** Required work **
Of the records that follow, copy only the lines from the line containing "左手拿小餅,右手拿肉串蘸孜然花生芝麻鹽、蘸燒烤醬、放小蔥,開擼、卷起來,好吃?" to the line containing "США в Москве", both included, exactly as written.

** Provided records **

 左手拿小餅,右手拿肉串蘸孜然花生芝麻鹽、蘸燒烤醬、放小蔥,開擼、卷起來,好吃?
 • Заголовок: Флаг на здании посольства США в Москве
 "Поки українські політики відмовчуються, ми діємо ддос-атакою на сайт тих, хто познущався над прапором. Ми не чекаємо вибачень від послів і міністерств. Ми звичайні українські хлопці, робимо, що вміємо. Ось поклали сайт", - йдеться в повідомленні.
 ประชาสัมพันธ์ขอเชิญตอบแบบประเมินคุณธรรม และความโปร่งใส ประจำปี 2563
--
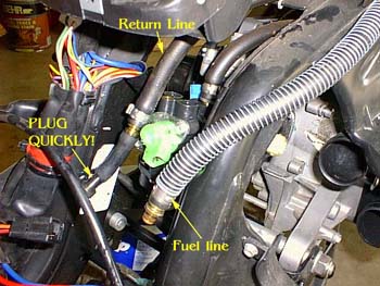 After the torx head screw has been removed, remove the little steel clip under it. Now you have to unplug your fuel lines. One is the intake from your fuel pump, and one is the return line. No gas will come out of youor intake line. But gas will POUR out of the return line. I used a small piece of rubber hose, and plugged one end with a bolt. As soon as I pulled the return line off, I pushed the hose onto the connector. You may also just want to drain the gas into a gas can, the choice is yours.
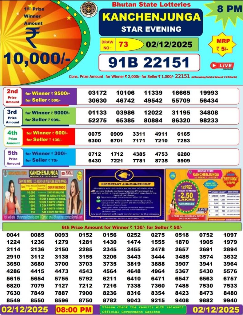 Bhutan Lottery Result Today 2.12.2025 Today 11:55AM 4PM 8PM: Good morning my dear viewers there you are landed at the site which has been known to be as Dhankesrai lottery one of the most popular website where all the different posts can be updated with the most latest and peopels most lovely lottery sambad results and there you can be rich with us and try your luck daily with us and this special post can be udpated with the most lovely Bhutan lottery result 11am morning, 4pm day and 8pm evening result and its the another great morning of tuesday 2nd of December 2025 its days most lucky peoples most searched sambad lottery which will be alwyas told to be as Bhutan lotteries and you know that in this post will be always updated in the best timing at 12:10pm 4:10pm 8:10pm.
...
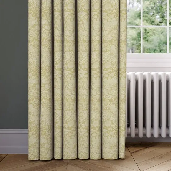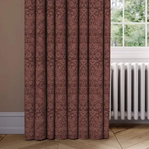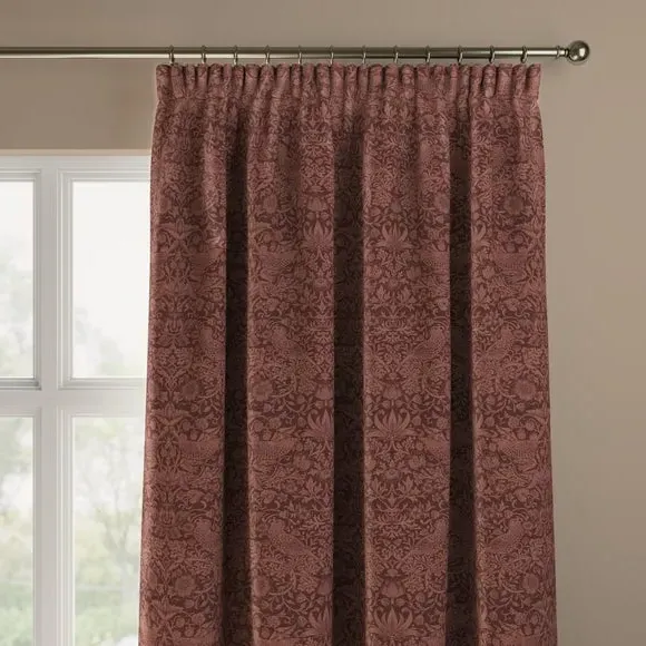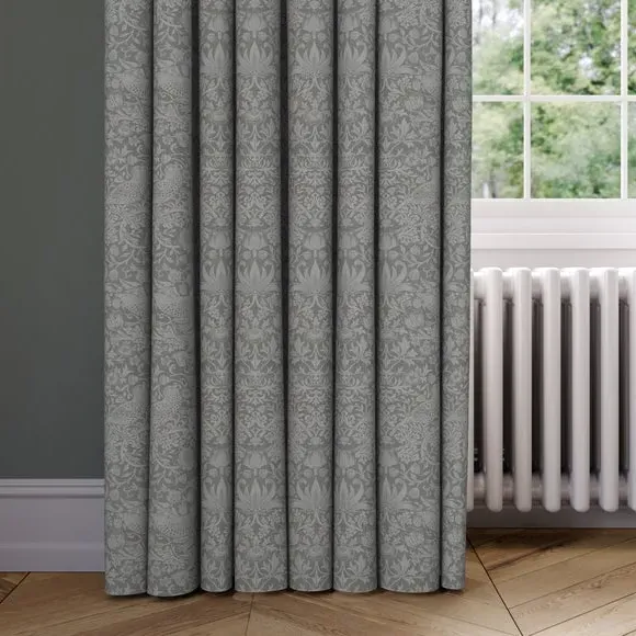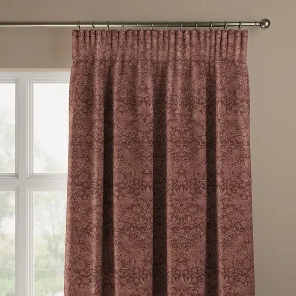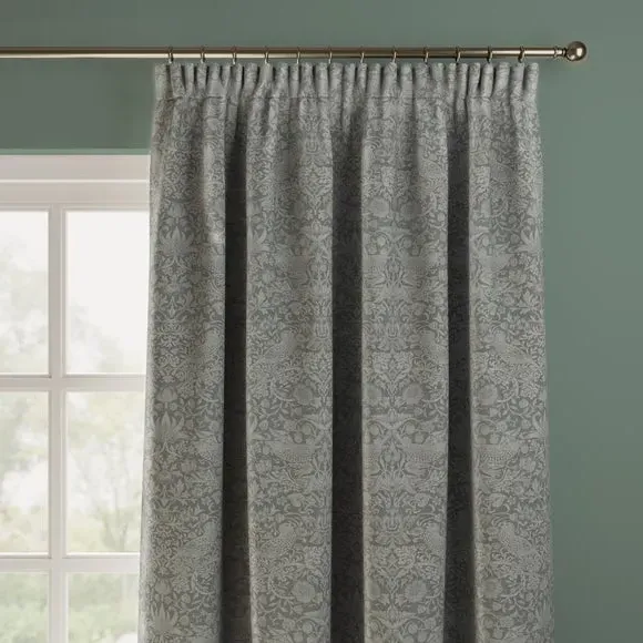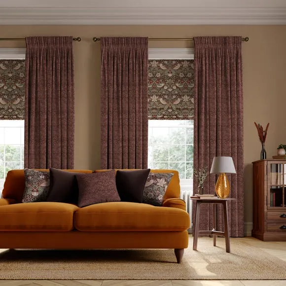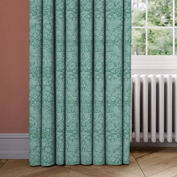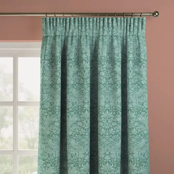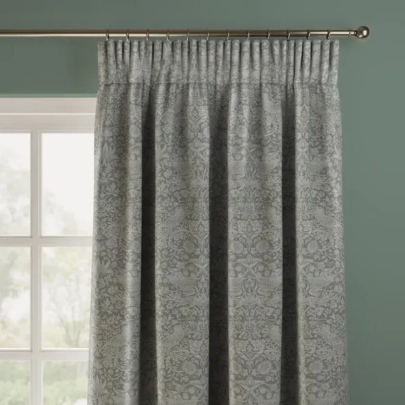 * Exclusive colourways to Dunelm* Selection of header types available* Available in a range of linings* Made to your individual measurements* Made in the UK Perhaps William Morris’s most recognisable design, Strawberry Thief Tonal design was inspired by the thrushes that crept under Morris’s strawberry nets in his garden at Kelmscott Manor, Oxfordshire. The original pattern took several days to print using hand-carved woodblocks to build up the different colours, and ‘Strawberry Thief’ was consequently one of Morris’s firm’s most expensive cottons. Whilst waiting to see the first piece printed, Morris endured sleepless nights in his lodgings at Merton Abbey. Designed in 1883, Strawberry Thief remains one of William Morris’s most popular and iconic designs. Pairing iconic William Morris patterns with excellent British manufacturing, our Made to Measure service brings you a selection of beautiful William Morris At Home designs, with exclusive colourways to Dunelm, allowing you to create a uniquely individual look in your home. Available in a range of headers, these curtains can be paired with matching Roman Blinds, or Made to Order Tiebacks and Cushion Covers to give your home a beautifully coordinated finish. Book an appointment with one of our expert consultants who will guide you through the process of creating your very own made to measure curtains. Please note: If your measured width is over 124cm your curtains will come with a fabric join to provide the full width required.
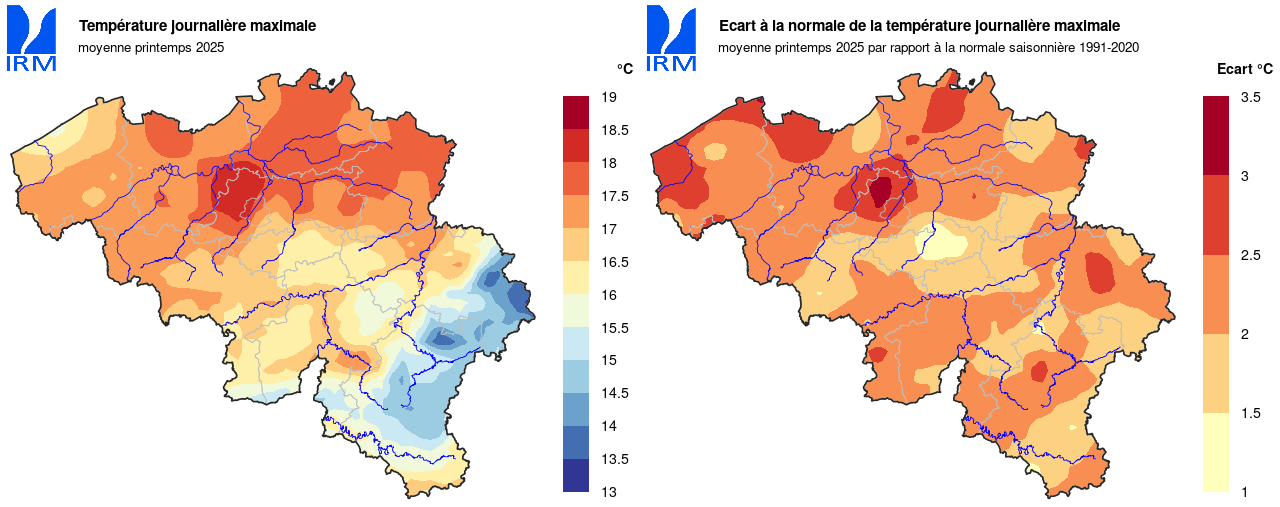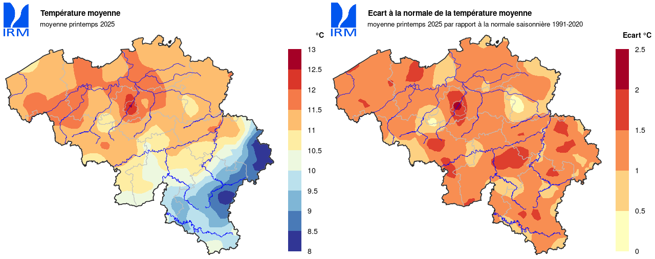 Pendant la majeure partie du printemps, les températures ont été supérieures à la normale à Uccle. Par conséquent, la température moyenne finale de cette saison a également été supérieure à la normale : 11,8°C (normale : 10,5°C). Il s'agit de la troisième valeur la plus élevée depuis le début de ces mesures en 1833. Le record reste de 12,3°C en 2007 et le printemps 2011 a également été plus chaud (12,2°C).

** Result **
 左手拿小餅,右手拿肉串蘸孜然花生芝麻鹽、蘸燒烤醬、放小蔥,開擼、卷起來,好吃?
 • Заголовок: Флаг на здании посольства США в Москве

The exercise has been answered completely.